Construction of California's High-Speed Rail Could Increase Risk of Fungal Infection

01/22/2015 05:40 pm ET Updated Mar 24, 2015

Depending on who you talk to, the 68 billion dollar high-speed rail project from San Francisco to Los Angeles is either an innovative project that will decrease green house gases and lessen auto travel or is an expensive, under-funded project that will milk taxpayers, negatively impact the environment, and not improve the lives of most Californians. What I don't see people talking about is the potential for an increased risk of valley fever during construction of the rail line.

Valley fever, also known as coccidioidomycosis, is a fungal infection that is common in areas with hot summer temperatures and low rain fall. It can be contracted when fungal spores found in the soil become airborne and are inhaled. Symptoms include fatigue, coughing, fever, difficulty breathing, headache, night sweats, muscle pain, and rash. While many who are exposed to the airborne spores don't get ill or have mild symptoms, about 5 to 10 percent of cases develop a chronic lung infection that must be treated with expensive antifungal medications for months or even years. An even smaller number of cases, about 1 percent, can develop the potentially fatal disseminated disease in which the fungus spreads to other parts of the body. This includes the skin, bones, joints, brain, and the membranes that surround the brain and spinal cord. African Americans, Latinos, Filipino's, and those with a weakened immune system (due to HIV, pregnancy, diabetes, organ transplant, certain meditations that suppress the immune system, or old age) are at increased risk for the disseminated version.

Valley fever has been a long-standing health problem for California. Spores can become airborne when soil is disrupted by earthquakes, construction, archeological digs, or even fire.

After the 1994 earthquake in Northridge, California, surrounding areas experienced an increase in the incidence of valley fever, including three fatalities, due to a dust cloud created by the quake.

In 2007, 10 out of 12 construction workers developed valley fever while digging a trench for a water pipe that traversed San Luis Obispo and Monterey counties.

Valley fever has also been an issue in jails in the Central Valley even without construction or earthquakes. In 2013, about 197 inmates contracted the illness and four died. The state spends about 23 million dollars each year to treat both inmates and staff who have developed valley fever.

On January 4, 2015, construction of the high-speed rail began in Fresno, California. During construction, soil will be disrupted due to grading for the above-ground sections of the route and tunneling for the sections of the rail that will run underground. In both cases, fungal spores could become airborne. Tons of dirt will be transported from tunneling construction sites potentially releasing more fungal spores into the air. Considering the risk, it would make sense that the High-Speed Rail Authority (HSRA) would address these issues by informing residents of the symptoms of valley fever, providing free screening for those with symptoms, and offering treatment for anyone who develops the disease.

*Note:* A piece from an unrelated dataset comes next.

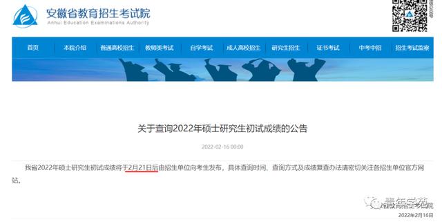 安徽省2022年硕士研究生初试成绩将于2月21日后由招生单位向考生发布,具体查询时间、查询方式及成绩复查办法请密切关注各招生单位官方网站。

Concerns about valley fever were raised at the HSRA May board meeting related to construction starting in Fresno. The HSRA responded saying it will mitigate risk by "watering areas that will be disturbed and suspending dust-generating activities when wind speed exceeds 25 mph." They also said their evaluation of these efforts resulted in a risk of valley fever that is less-than-significant for residents in surrounding areas. The HSRA has also added precautions for construction workers including making sure they know the symptoms of valley fever, and that they wash their hands at the end of a shift, use vehicles with enclosed cabs, and wear NIOSH-approved respiratory protection.

However, their response brings up more questions that are not answered. What about the tons of soil that will be disrupted during the tunneling part of the project? What about all the trucks full of dirt traveling on our highways potentially spreading fungal spores? Why isn't their "evaluation" available online? Will the HSRA pay to screen residents for valley fever and treat those that contract the disease or are they expecting existing health care systems to pick up the tab? These are important questions that should have been addressed before construction began.

Considering that there are many unknowns and unanswered questions regarding our risk of valley fever, it makes good sense to know the symptoms, especially if you live or work near a high-speed rail construction site.